Did you know you have a form of shape shifting, cancer-fighting, transforming, DNA-repairing machines already hard at work throughout your body? No, it's not the mechanical devices from the Transformer movies or something out of a new science fiction novel; it's a protein complex known as Mre11-Rad50.
Mre11-Rad50 is a versatile handyman of the cellular world, detecting and repairing the most seriously damaged sections of DNA. When both strands are cut in a DNA double helix, this protein complex attaches to the loose ends of the broken DNA, inhibits the continued division of the cell, and determines and enables the correct repair method to fix the DNA strands. This is a high stakes operation for the cell - a double break in a DNA strand is fatal to the cell, but an incorrect repair could enable the growth of cancerous cells.
While it's known that the ability to modify its shape plays a role in the DNA-repairing process, not much is known about how the two are related. Two recent studies supported by the National Institutes of Health (NIH) and the National Cancer Institute focused on the mechanism of Mre11-Rad50 and how it performs its DNA-repairing tasks.
The concept in both studies was to modify the structure to address specific functions of Mre11-Rad50. The team was then able to test the effect of the modification on Mre11-Rad50's ability to change conformations and the rate at which it changes, and in turn, the effect on its ability to repair DNA.
The conformational effects were studied using the SIBYLS (Structurally Integrated Biology for Life Sciences) beamline at the ALS (Advanced Light Source) at Lawrence Berkeley National Labs. This system uses high-intensity X-rays to get the combined effect of x-ray diffraction and X-ray scattering, resulting in images of the protein's crystal structures with atomic level resolution. More importantly, the scientists can see the conformational changes of the protein as they take place.
In the first study, recently published in Molecular Cell, the research team included molecular inhibitors that affected the ability of the Mre11 component of the protein complex to cut DNA and watched the effect on the DNA repair process with human cells. The assumption was that Mre11 initiated the repair process at the broken end of the DNA, but in this case the team discovered that Mre11 removed a small portion away from the broken end and started a DNA-repair pathway known as homologous recombination repair - working back toward the broken strand of DNA instead of starting there.

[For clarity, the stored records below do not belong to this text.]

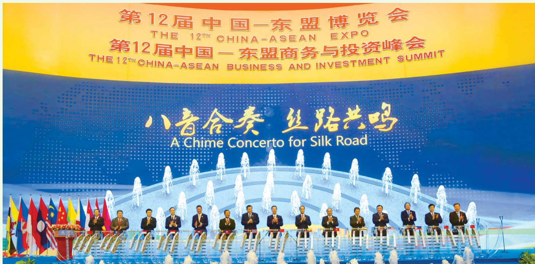
开幕大会 Opening Ceremony
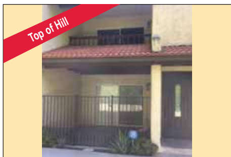
CABRINI VILLAS $555,555 Call 1-800-473-0599, Enter Code 2688
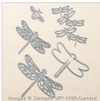
Detailed Dragonfly Thinlits Dies
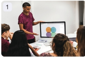
1 He's _____.

A Look at the pictures. Complete the sentences. What are their positive character traits?
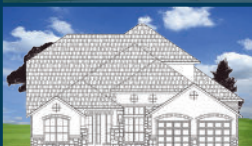
PLAN 3546-D4 | REPRESENTATIVE IMAGE

TBD 1 1/2-Story Home 4 Bedroom 3 1/2 + 1/2 Bathroom 3-Car Garage 3,680 Sq.Ft. Game Room Theater Room Covered Patio

In the second study, recently published in EMBO Journal, the Rad50 component was modified. This research team found that mutations could be created that modified the binding of Rad50 with ATP, causing ATP hydrolysis to either slow down (in turn promoting a non-homologous end-joining repair method) or speed up (promoting a homologous repair method). The team was able to alter the repair path through modification of the base Rad50 structure.
A better understanding of the Mre11-Rad50 mechanisms can lead to more targeted cancer treatments in the future, as well as other applications in the life sciences. Perhaps a series of targeted, transforming cell therapies are in our collective future.